● PROBLEM TO WORK ON
Using the listing below, set down exactly the lines from the one that contains "Матовий червоний дизайн" through the one that contains "芯片存储板块普涨,闪迪高开高", with no pictures.

● DATA RECORDS
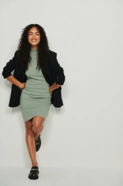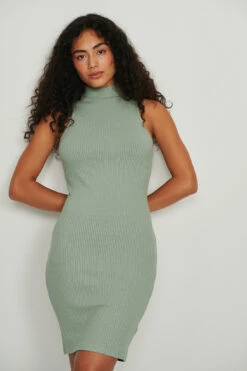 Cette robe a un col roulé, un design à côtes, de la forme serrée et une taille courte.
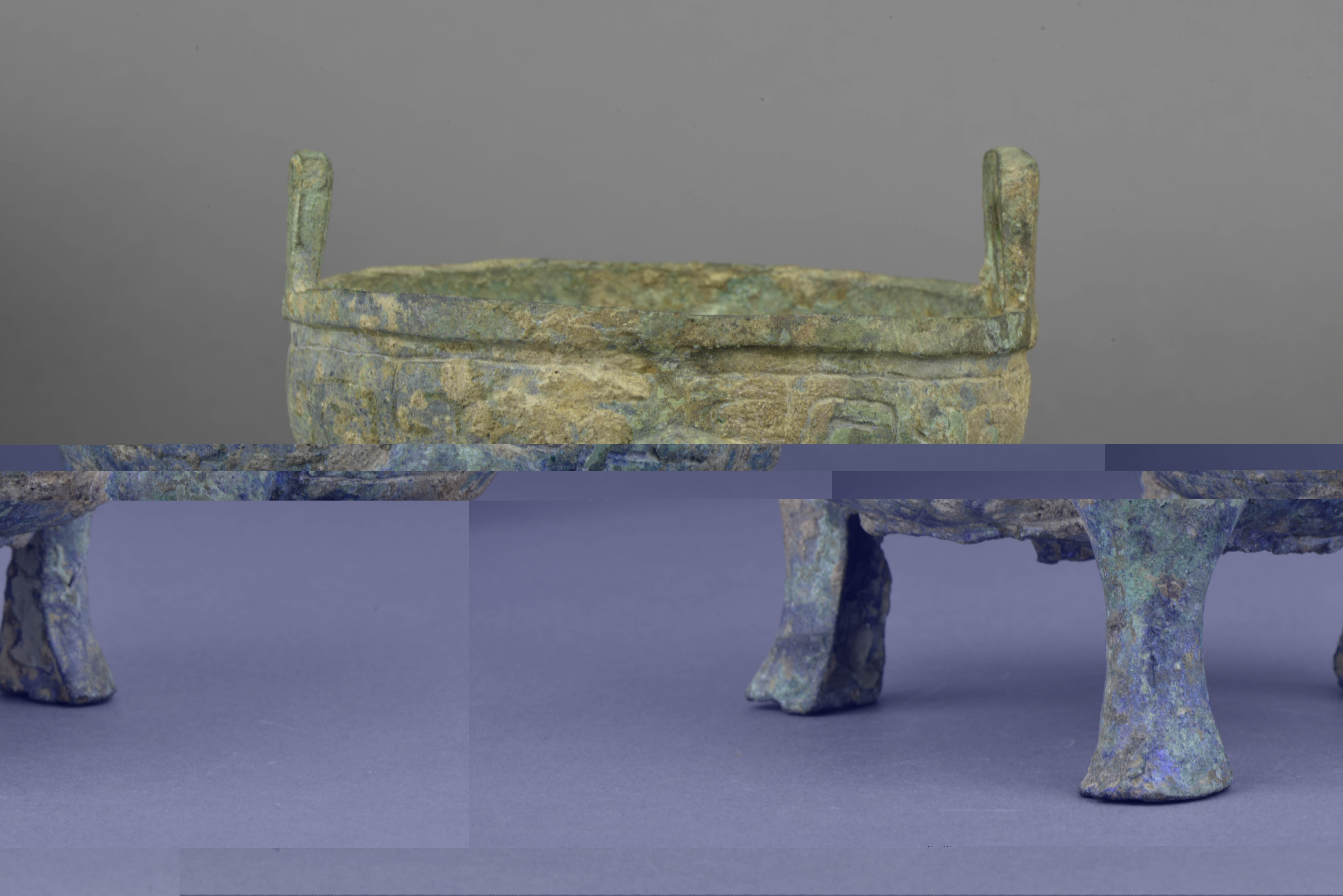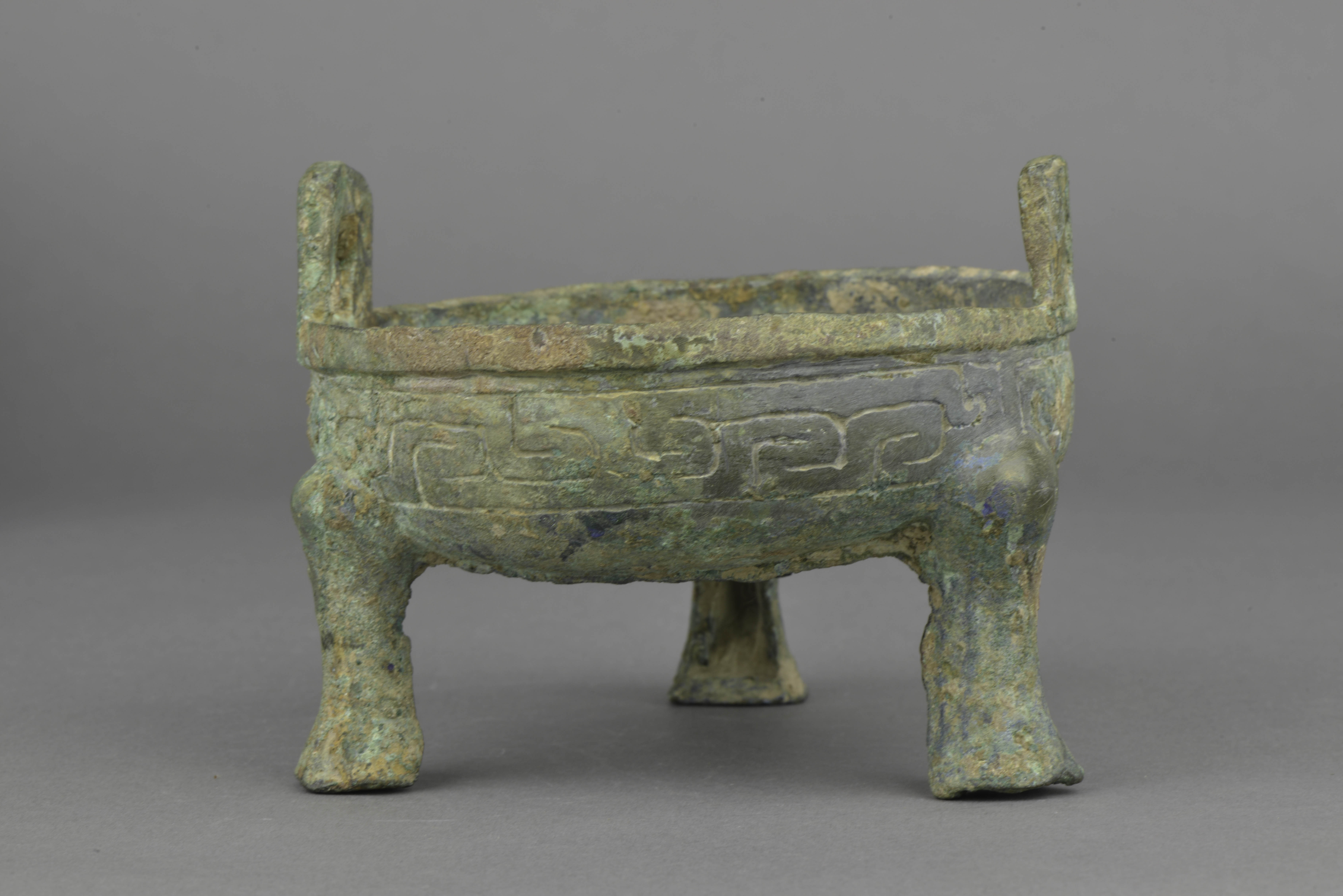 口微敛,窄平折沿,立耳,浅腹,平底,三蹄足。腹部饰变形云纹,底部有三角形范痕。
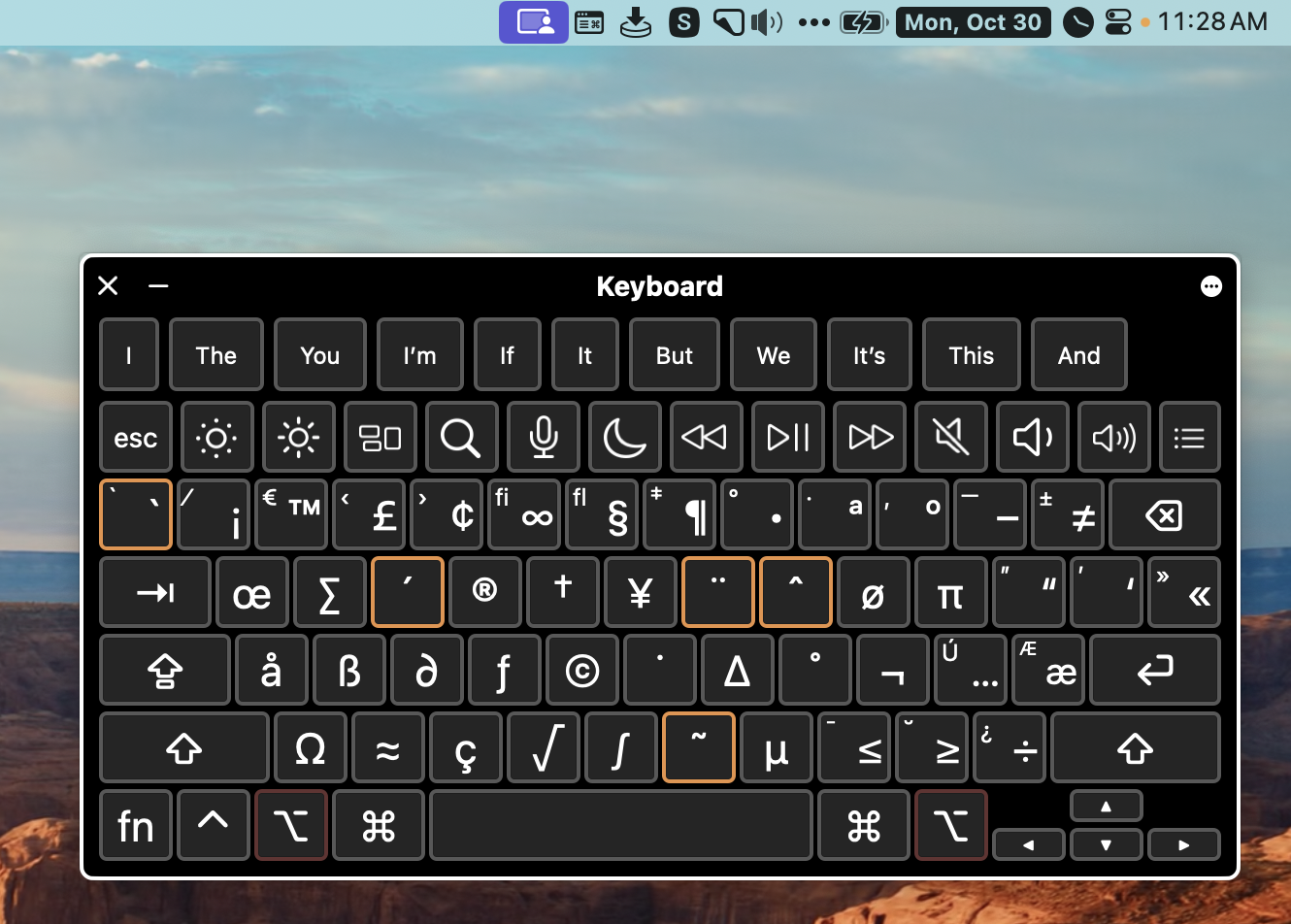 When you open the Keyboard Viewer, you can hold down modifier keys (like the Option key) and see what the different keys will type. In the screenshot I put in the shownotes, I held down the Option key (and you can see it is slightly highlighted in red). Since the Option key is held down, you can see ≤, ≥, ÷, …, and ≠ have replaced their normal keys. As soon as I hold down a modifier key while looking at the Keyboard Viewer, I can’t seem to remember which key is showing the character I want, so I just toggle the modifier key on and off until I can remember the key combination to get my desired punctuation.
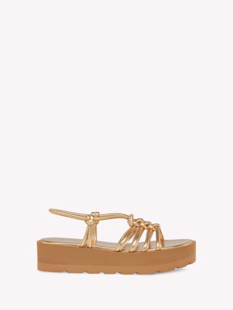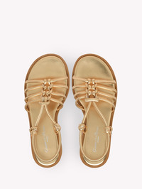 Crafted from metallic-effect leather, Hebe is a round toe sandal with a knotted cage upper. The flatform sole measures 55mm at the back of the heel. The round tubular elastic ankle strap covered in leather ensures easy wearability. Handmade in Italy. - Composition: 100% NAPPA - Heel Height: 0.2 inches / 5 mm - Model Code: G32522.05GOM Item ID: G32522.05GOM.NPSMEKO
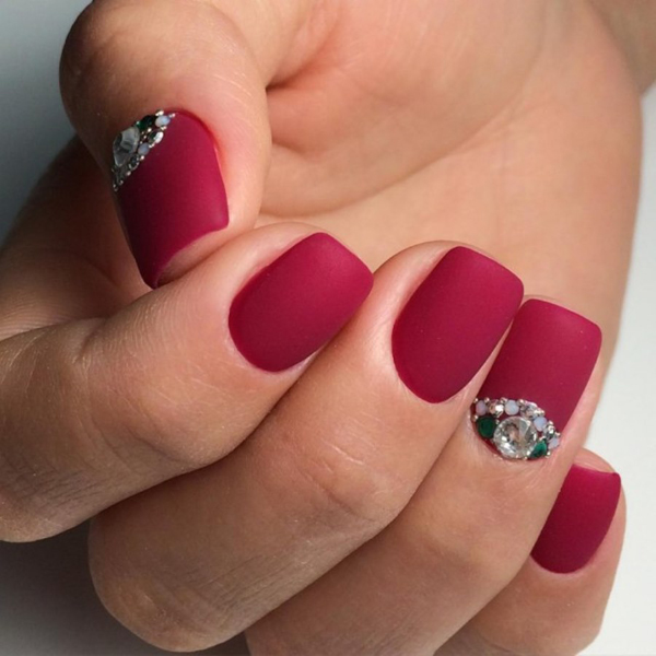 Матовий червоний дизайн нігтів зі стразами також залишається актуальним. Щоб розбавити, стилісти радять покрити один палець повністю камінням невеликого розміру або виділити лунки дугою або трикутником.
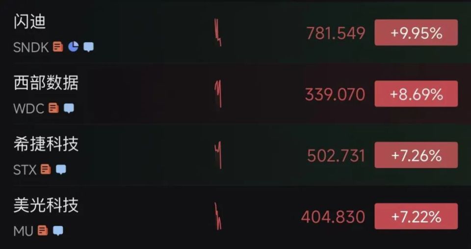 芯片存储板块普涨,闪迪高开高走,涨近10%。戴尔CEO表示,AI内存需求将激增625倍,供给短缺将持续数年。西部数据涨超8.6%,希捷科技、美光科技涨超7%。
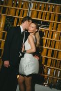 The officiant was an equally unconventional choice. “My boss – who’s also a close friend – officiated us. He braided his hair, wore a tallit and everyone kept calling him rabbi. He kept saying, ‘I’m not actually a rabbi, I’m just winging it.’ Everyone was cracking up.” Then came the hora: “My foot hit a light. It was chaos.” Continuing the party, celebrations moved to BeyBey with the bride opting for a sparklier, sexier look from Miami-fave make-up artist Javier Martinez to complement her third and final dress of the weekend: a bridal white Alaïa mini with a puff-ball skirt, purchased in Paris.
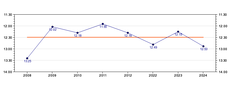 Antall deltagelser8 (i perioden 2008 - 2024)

● EXERCISE OUTPUT
 Матовий червоний дизайн нігтів зі стразами також залишається актуальним. Щоб розбавити, стилісти радять покрити один палець повністю камінням невеликого розміру або виділити лунки дугою або трикутником.
 芯片存储板块普涨,闪迪高开高走,涨近10%。戴尔CEO表示,AI内存需求将激增625倍,供给短缺将持续数年。西部数据涨超8.6%,希捷科技、美光科技涨超7%。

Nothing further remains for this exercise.